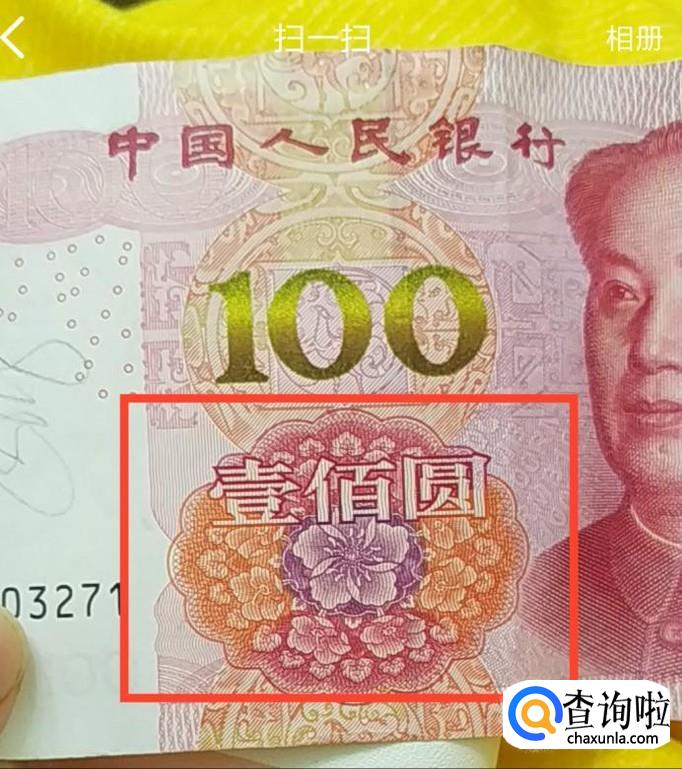 进入扫一扫界面后,将手机对准人民币正面大写的壹佰圆花样处进行扫描,如下图所示。
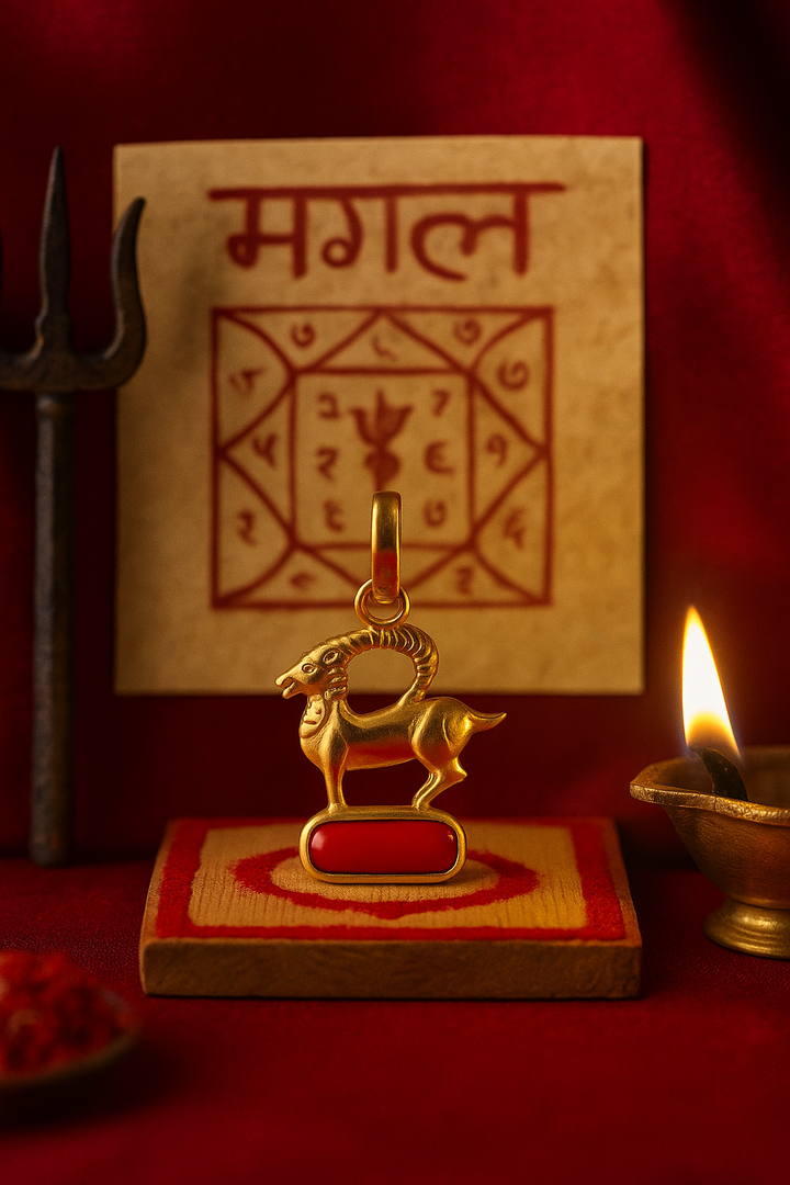 The Coral (Moonga) Panchdhatu Pendant is a powerful astrological remedy associated with planet Mars (Mangal)—the planet of energy, courage, and determination. This pendant features a natural, lab-certified red coral gemstone, known for boosting vitality, strength, and emotional stability.
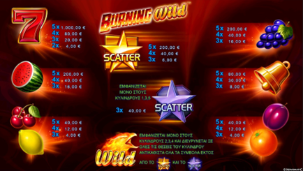 Το BURNING WILD είναι ένα παιχνίδι με πέντε κυλίνδρους και πέντε γραμμές πληρωμής. Όλα τα κέρδη είναι για όμοιους συνδυασμούς. Όλα τα κέρδη πληρώνουν από αριστερά προς τα δεξιά εκτός από τα σύμβολα Scatter όπου πληρώνουν οπουδήποτε. Πληρώνει μόνο το υψηλότερο κέρδος ανά επιλεγμένη γραμμή.
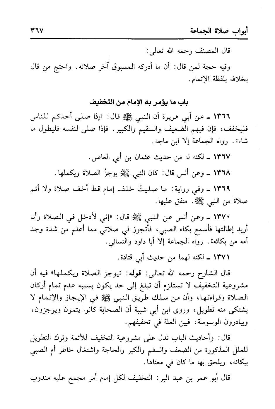 1366- عَنْ أَبِي هُرَيْرَةَ أَنَّ النَّبِيَّ - صلى الله عليه وسلم - قَالَ: «إذَا صَلَّى أَحَدُكُمْ لِلنَّاسِ فَلْيُخَفِّفْ، فَإِنَّ فِيهِمْ الضَّعِيفَ وَالسَّقِيمَ وَالْكَبِيرَ. فَإِذَا صَلَّى لِنَفْسِهِ فَلْيُطَوِّلْ مَا شَاءَ» . رَوَاهُ الْجَمَاعَةُ إلَّا ابْنَ مَاجَهْ.
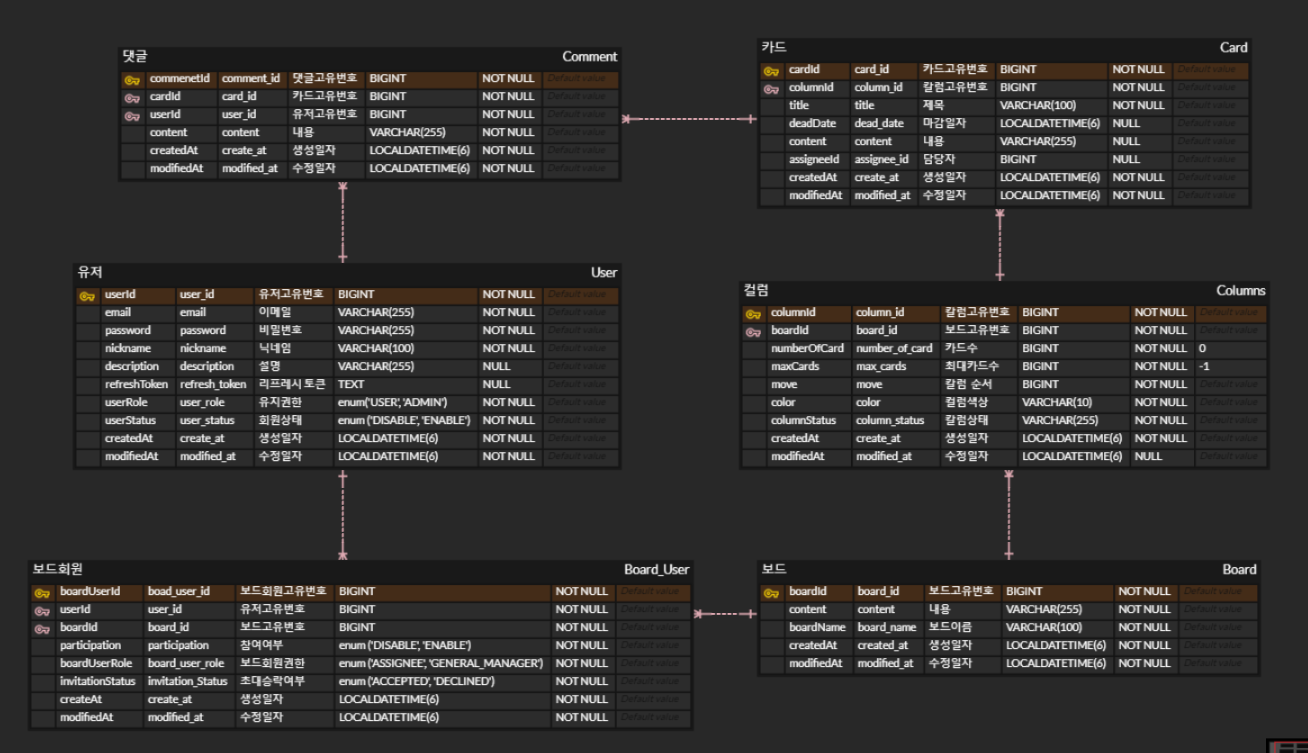 -요구사항을 자세히 읽어보니 담당자는 없을수도(null) 있어서 연결을 하지않고 Id값을 가지고 필요할때 보드회원을 찾기로함
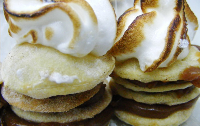 Untar cada disco con dulce de leche. Repetir la operación y superponer varios discos. Cubrir con merengue. Si se desea quemar el merengue.
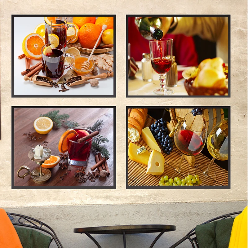 Настенная картина в скандинавском стиле с изображением овощей, фруктов, красного вина, кухни, канвы
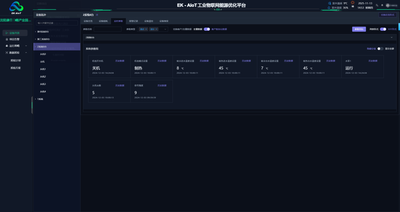 - 高区23台空气源热泵机组,搭配暖气片末端,采用10℃大温差设计,保障住宅区冬季室内温度恒定。AIoT系统不仅可以实时查看机组运行状态、运行参数、还可以智能诊断设备异常并提前预警,无需专人看管,降低人力成本,管理更便捷。
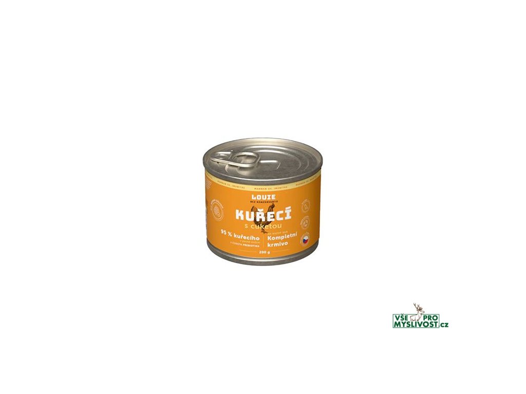 Kompletní krmivo bez obilnin pro psy každého věku i plemene, kuřecí s cuketou. Nabízí Vašemu miláčkovi možnost stravy z kvalitního masa (95 % v pevné složce). Pro podporu peristaltiky střev a simulaci minoritní rostlinné složky v potravě psů slouží příměs cukety. Krmivo neobsahuje žádné konzervanty, dochucovadla, barviva, pouze 95 % masa, 5 % cukety, vitamínů a minerálů.
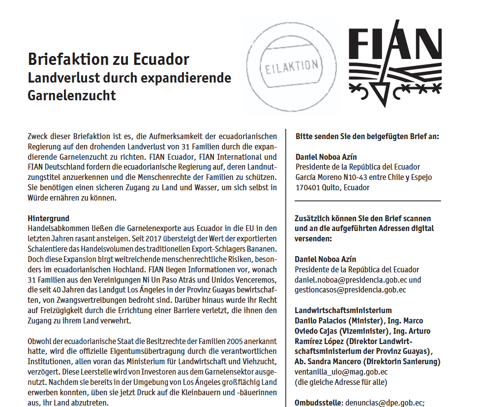 Zweck dieser Briefaktion ist es, die Aufmerksamkeit der ecuadorianischen Regierung auf den drohenden Landverlust von 31 Familien durch die expandierende Garnelenzucht zu richten. FIAN fordert die ecuadorianische Regierung auf, deren Landnutzungstitel anzuerkennen und die Menschenrechte der Familien zu schützen. Sie benötigen einen sicheren Zugang zu Land und Wasser, um sich selbst in Würde ernähren zu können.
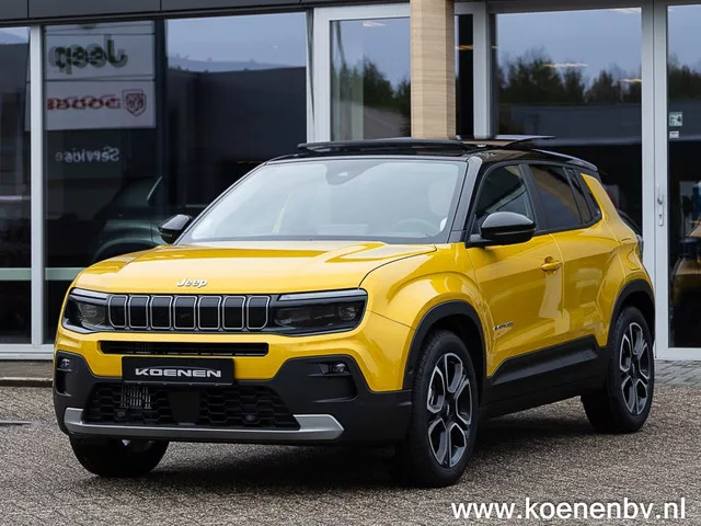 Zoekt u een overcomplete Jeep Avenger Summit? Wij hebben deze op voorraad! Voorzien van alle mogelijke opties: leer, panoramadak, 18" LM velgen, adaptive cruise control. De auto is tevens voorzien van een automaat. Meer informatie: Nieuwe auto; Vermogen: 74 kW (101 PK); Aantal cilinders: 3; Motorinhoud: 1.199 cc; Ledig gewicht: 1.263 kg; 5 zitplaatsen; Gemiddeld brandstofverbruik: 4,9 l/100km (1 op 20,4); Motorrijtuigenbelasting: € 192 - € 211 per kwartaal
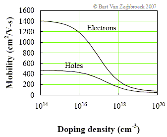 | Figure 2.7.3 : | Electron and hole mobility versus doping density for silicon. ![]() |
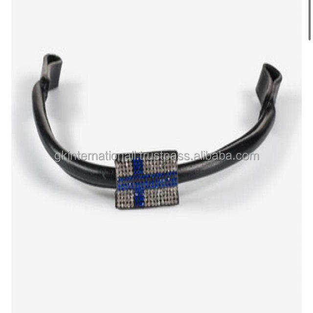 แถบคิ้วหนังแท้คุณภาพสูงในหนังสีดำนุ่มเย็บหรูหราด้วยคริสตัลธงแนบ
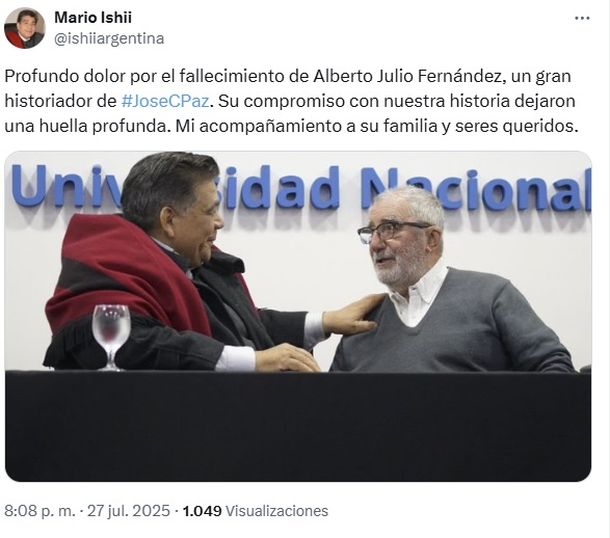 “El Intendente Municipal de José C. Paz, Dr. HC Mario Alberto Ishii, con profundo dolor, comunica su fallecimiento y, en nombre de toda la administración municipal, envía las respetuosas condolencias a sus familiares y amigos. Cabe agregar que, Alberto Julio Fernández, con gran vocación de servicio y compromiso con el desarrollo de nuestra comunidad, durante varios años, se desempeñó como director del Museo Histórico “José Altube” del distrito”, indicaron las autoridades del municipio.
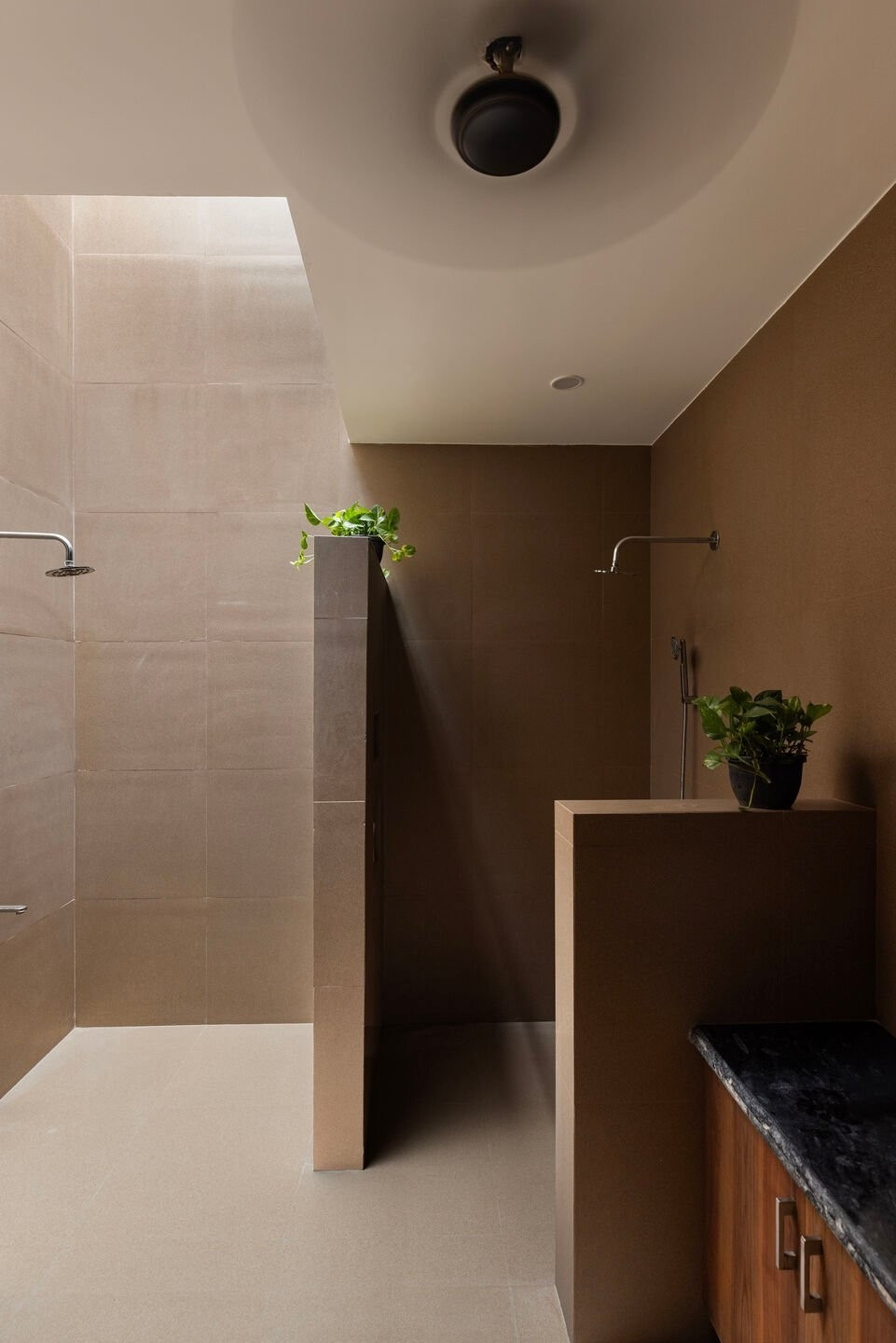 Các khoảng thông tầng được bố trí chiến lược tại sảnh vào, bên cạnh khu ăn uống, dọc cầu thang và trong phòng tắm tầng một. Ảnh: Purnesh Dev Nikhanj
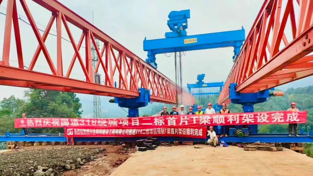 近日,由雅安交通建設(shè)(集團)有限責(zé)任公司下屬四川康藏路橋有限責(zé)任公司實施的國道318線名山區(qū)黑竹(成都界)至雨城區(qū)多營段改建工程首片長40余米、重120噸的預(yù)制T梁被精準(zhǔn)吊裝安放到名山區(qū)二道河大橋0-1號橋墩上,標(biāo)志著該項目進(jìn)入橋梁上部結(jié)構(gòu)施工階段。
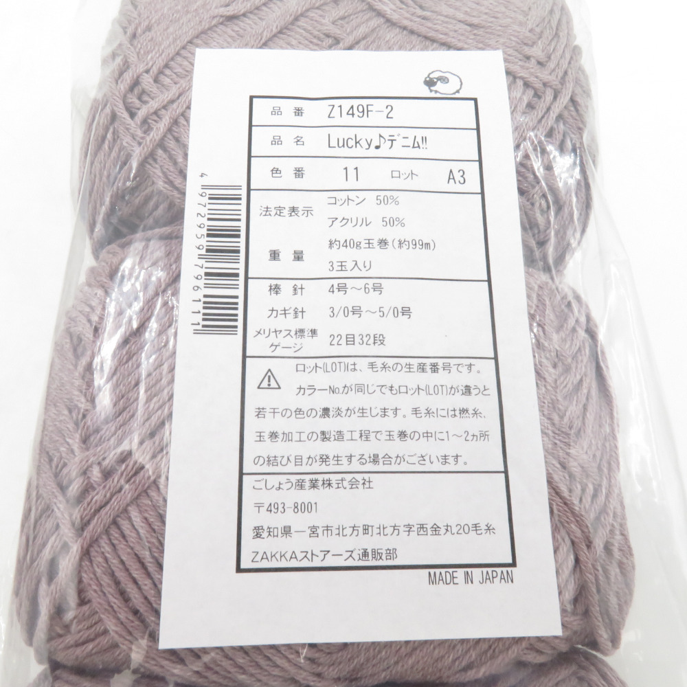 | 毛糸 毛糸ZAKKAストアーズ Lucky(ラッキー)♪デニム 9玉セット 11番色 1玉40g 約99m 合太 日本製 春夏毛糸 パープル 未使用品 |
-----
TO DO:
Output all of the listing above, exactly as given, but without its pictures.

TASK SOLUTION:
 进入扫一扫界面后,将手机对准人民币正面大写的壹佰圆花样处进行扫描,如下图所示。
 The Coral (Moonga) Panchdhatu Pendant is a powerful astrological remedy associated with planet Mars (Mangal)—the planet of energy, courage, and determination. This pendant features a natural, lab-certified red coral gemstone, known for boosting vitality, strength, and emotional stability.
 Το BURNING WILD είναι ένα παιχνίδι με πέντε κυλίνδρους και πέντε γραμμές πληρωμής. Όλα τα κέρδη είναι για όμοιους συνδυασμούς. Όλα τα κέρδη πληρώνουν από αριστερά προς τα δεξιά εκτός από τα σύμβολα Scatter όπου πληρώνουν οπουδήποτε. Πληρώνει μόνο το υψηλότερο κέρδος ανά επιλεγμένη γραμμή.
 1366- عَنْ أَبِي هُرَيْرَةَ أَنَّ النَّبِيَّ - صلى الله عليه وسلم - قَالَ: «إذَا صَلَّى أَحَدُكُمْ لِلنَّاسِ فَلْيُخَفِّفْ، فَإِنَّ فِيهِمْ الضَّعِيفَ وَالسَّقِيمَ وَالْكَبِيرَ. فَإِذَا صَلَّى لِنَفْسِهِ فَلْيُطَوِّلْ مَا شَاءَ» . رَوَاهُ الْجَمَاعَةُ إلَّا ابْنَ مَاجَهْ.
 -요구사항을 자세히 읽어보니 담당자는 없을수도(null) 있어서 연결을 하지않고 Id값을 가지고 필요할때 보드회원을 찾기로함
 Untar cada disco con dulce de leche. Repetir la operación y superponer varios discos. Cubrir con merengue. Si se desea quemar el merengue.
 Настенная картина в скандинавском стиле с изображением овощей, фруктов, красного вина, кухни, канвы
 - 高区23台空气源热泵机组,搭配暖气片末端,采用10℃大温差设计,保障住宅区冬季室内温度恒定。AIoT系统不仅可以实时查看机组运行状态、运行参数、还可以智能诊断设备异常并提前预警,无需专人看管,降低人力成本,管理更便捷。
 Kompletní krmivo bez obilnin pro psy každého věku i plemene, kuřecí s cuketou. Nabízí Vašemu miláčkovi možnost stravy z kvalitního masa (95 % v pevné složce). Pro podporu peristaltiky střev a simulaci minoritní rostlinné složky v potravě psů slouží příměs cukety. Krmivo neobsahuje žádné konzervanty, dochucovadla, barviva, pouze 95 % masa, 5 % cukety, vitamínů a minerálů.
 Zweck dieser Briefaktion ist es, die Aufmerksamkeit der ecuadorianischen Regierung auf den drohenden Landverlust von 31 Familien durch die expandierende Garnelenzucht zu richten. FIAN fordert die ecuadorianische Regierung auf, deren Landnutzungstitel anzuerkennen und die Menschenrechte der Familien zu schützen. Sie benötigen einen sicheren Zugang zu Land und Wasser, um sich selbst in Würde ernähren zu können.
 Zoekt u een overcomplete Jeep Avenger Summit? Wij hebben deze op voorraad! Voorzien van alle mogelijke opties: leer, panoramadak, 18" LM velgen, adaptive cruise control. De auto is tevens voorzien van een automaat. Meer informatie: Nieuwe auto; Vermogen: 74 kW (101 PK); Aantal cilinders: 3; Motorinhoud: 1.199 cc; Ledig gewicht: 1.263 kg; 5 zitplaatsen; Gemiddeld brandstofverbruik: 4,9 l/100km (1 op 20,4); Motorrijtuigenbelasting: € 192 - € 211 per kwartaal
 | Figure 2.7.3 : | Electron and hole mobility versus doping density for silicon. ![]() |
 แถบคิ้วหนังแท้คุณภาพสูงในหนังสีดำนุ่มเย็บหรูหราด้วยคริสตัลธงแนบ
 “El Intendente Municipal de José C. Paz, Dr. HC Mario Alberto Ishii, con profundo dolor, comunica su fallecimiento y, en nombre de toda la administración municipal, envía las respetuosas condolencias a sus familiares y amigos. Cabe agregar que, Alberto Julio Fernández, con gran vocación de servicio y compromiso con el desarrollo de nuestra comunidad, durante varios años, se desempeñó como director del Museo Histórico “José Altube” del distrito”, indicaron las autoridades del municipio.
 Các khoảng thông tầng được bố trí chiến lược tại sảnh vào, bên cạnh khu ăn uống, dọc cầu thang và trong phòng tắm tầng một. Ảnh: Purnesh Dev Nikhanj
 近日,由雅安交通建設(shè)(集團)有限責(zé)任公司下屬四川康藏路橋有限責(zé)任公司實施的國道318線名山區(qū)黑竹(成都界)至雨城區(qū)多營段改建工程首片長40余米、重120噸的預(yù)制T梁被精準(zhǔn)吊裝安放到名山區(qū)二道河大橋0-1號橋墩上,標(biāo)志著該項目進(jìn)入橋梁上部結(jié)構(gòu)施工階段。
 | 毛糸 毛糸ZAKKAストアーズ Lucky(ラッキー)♪デニム 9玉セット 11番色 1玉40g 約99m 合太 日本製 春夏毛糸 パープル 未使用品 |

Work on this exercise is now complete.